Durante a reunião da Comissão de Segurança e Serviços Públicos da Assembleia Legislativa, realizada nesta quinta-feira (16/10), os deputados e deputadas da Bancada do PT/PCdoB denunciaram a violência cometida pela Guarda Municipal de Porto Alegre contra manifestantes, vereadores e parlamentares estaduais durante o protesto ocorrido na Câmara de Vereadores na última quarta-feira (15/10). O episódio aconteceu quando o Parlamento municipal discutia o projeto de privatização do Departamento Municipal de Água e Esgotos (Dmae) e o novo Código de Limpeza Urbana, medidas que, segundo os parlamentares, representam ataques aos direitos sociais e à democracia participativa.

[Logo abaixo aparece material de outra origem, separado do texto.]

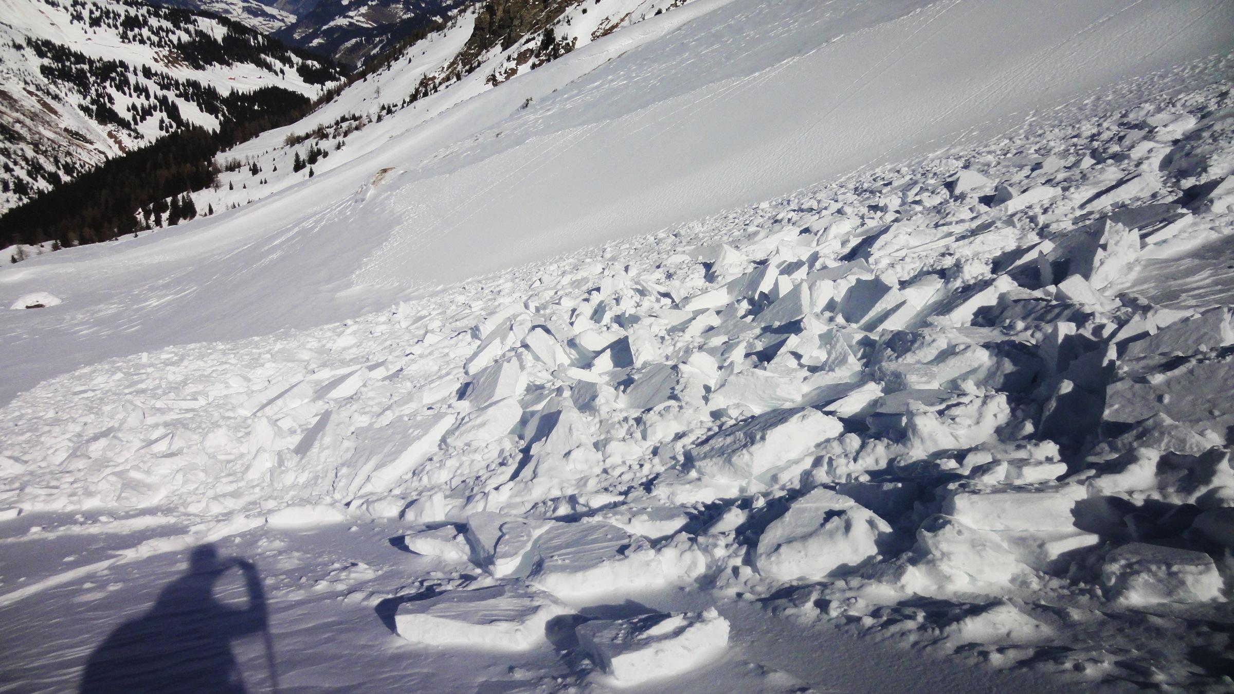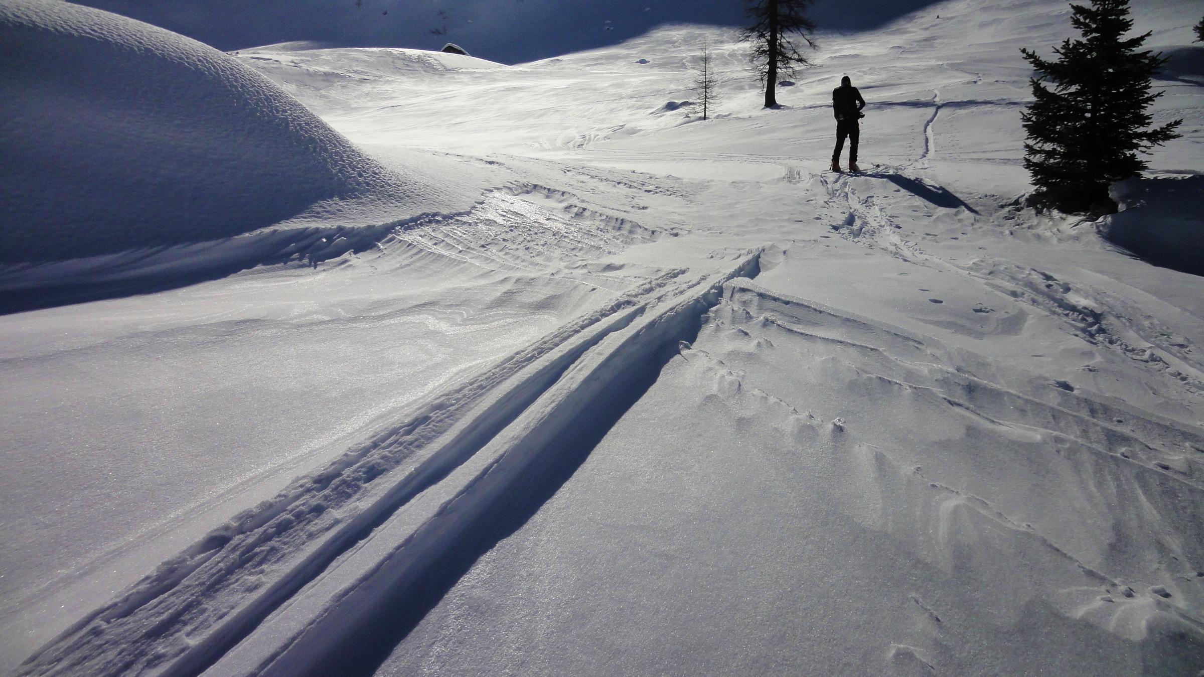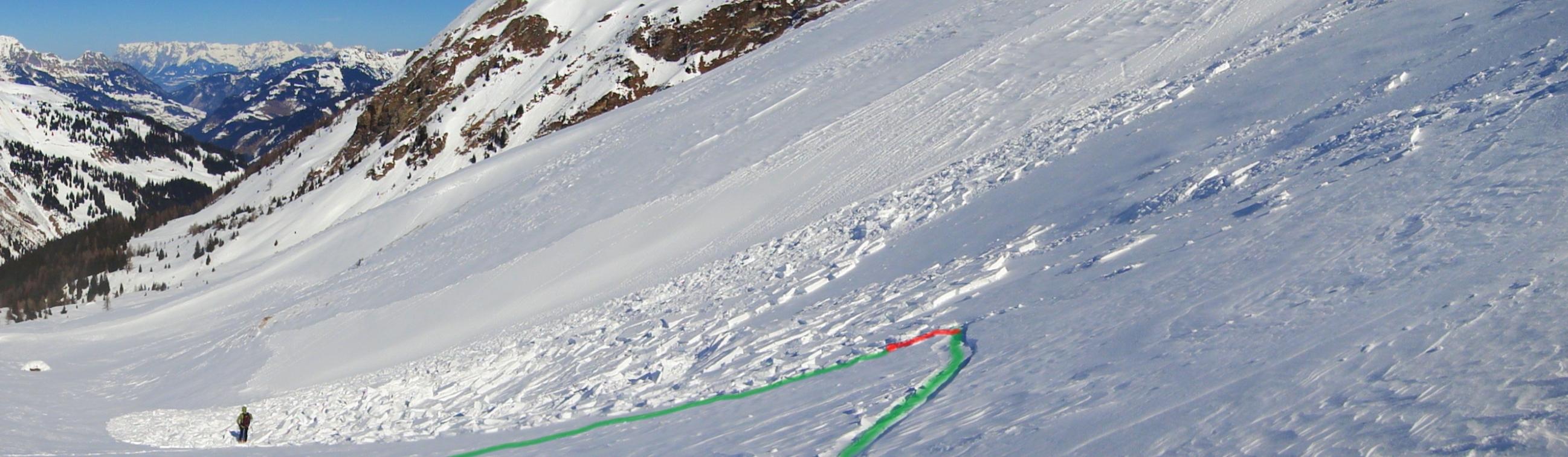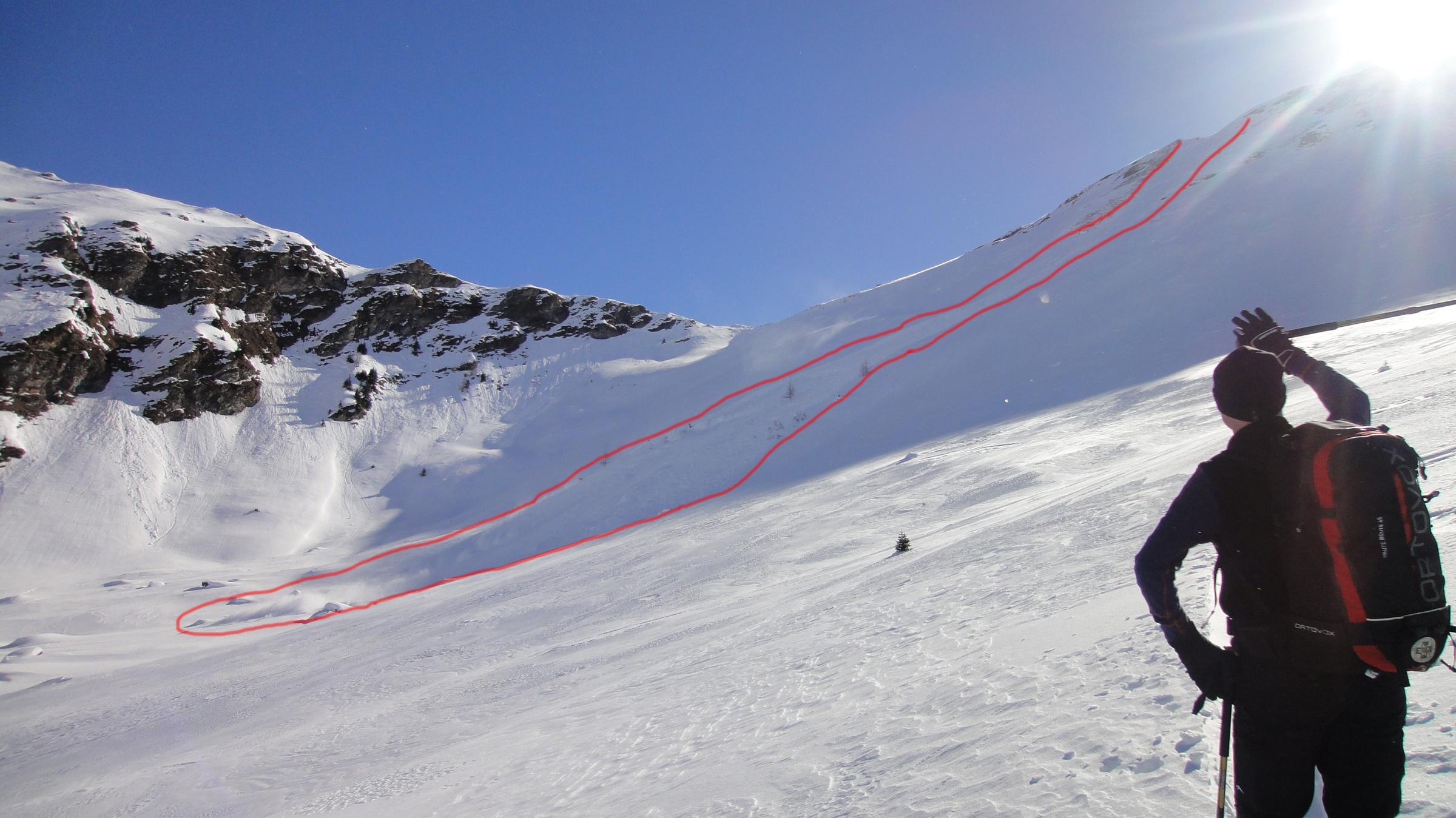 - Südföhn mit Schneeverfrachtung: Der frische, vorerst dünne Triebschnee ist teilweise schon bei geringer Zusatzbelastung als Schneebrett auslösbar… und genau so ein Schneebrett haben wir dann ausgelöst…

A deputada Sofia Cavedon relatou que a população foi impedida de acompanhar a sessão, mesmo após 17 audiências públicas em que a ampla maioria rejeitou a venda do Dmae. Segundo ela, a presidência da Câmara, chefiada pela vereadora Nádia Gerhard (PL), “fechou as portas para o povo”, numa tentativa deliberada de impedir a presença dos trabalhadores e trabalhadoras afetados pelas propostas. “Houve também preconceito e violência contra as pessoas mais pobres, mais vulneráveis dessa cidade, que sequer opinar e participar, puderam. Vi várias com feridas feitas por bala de borracha, pessoas simples, mulheres, mulheres grávidas que estavam tentando entrar na Câmara porque iam acabar com o sustento delas”, denunciou.
Sofia criticou ainda o comportamento da direção da Câmara, que teria ordenado a repressão mesmo diante de manifestações pacíficas. “Poderíamos ter tido vítimas fatais. Houve guardas atirando com bala de borracha, que pode atingir um olho. Foi uma violência fora de série. Precisamos que isso seja apurado e que a Câmara volte a ser democrática. A Prefeitura de Porto Alegre precisa compreender que estamos em uma República democrática. Abra uma mesa de negociação e negociem, especialmente com os papeleiros e papeleiras”, afirmou.
O deputado Leonel Radde, presidente da Comissão, reforçou o tom de indignação e cobrou responsabilização da presidente da Câmara, Nádia Gerhard, e do prefeito Sebastião Melo. “Preocupa-me demasiadamente a presidente da Câmara, que considera a Casa sua propriedade. A presidência de um Legislativo não pertence a uma ideologia, não pertence a um partido. Deve dialogar com todas as forças, independente de concordância ou não com as pautas. Isso é o básico da civilização, o básico da democracia”, afirmou.
Radde relatou que a violência partiu da Guarda Municipal, que agiu com despreparo ou, segundo ele, sob orientação direta da presidência da Câmara. “Deputados da capital que foram dialogar com os manifestantes foram agredidos. O líder da nossa bancada, o deputado Rossetto, levou tiros de bala de borracha nas costas. Qualquer policial sabe que tiro de bala de borracha se dá abaixo da linha da cintura. Tiro nas costas significa que a pessoa estava saindo, não é legítima defesa”, denunciou.
O parlamentar destacou que, além da tentativa de privatização do Dmae, também estava em discussão o novo Código de Limpeza Urbana, que proíbe a coleta de materiais recicláveis nas ruas e ameaça o sustento de centenas de famílias de catadores e papeleiros. “É esse o exemplo que Porto Alegre deixa no dia em que estava sendo votada uma lei contra os catadores, que é o povo mais vulnerável da capital, para entregar aos ricos esse serviço. E, paralelamente, tínhamos a questão do Dmae, que é a água e o esgoto de Porto Alegre sendo entregues para a iniciativa privada, um debate que atinge toda a cidade “, declarou Radde.
O presidente da Comissão defendeu que a Assembleia Legislativa se posicione publicamente contra os abusos ocorridos e que a Prefeitura e a Câmara de Porto Alegre sejam investigadas pela violência cometida contra os manifestantes e parlamentares. Para a Bancada do PT/PCdoB, a repressão foi um grave atentado à democracia e exige resposta imediata das instituições e o restabelecimento do diálogo com a população atingida.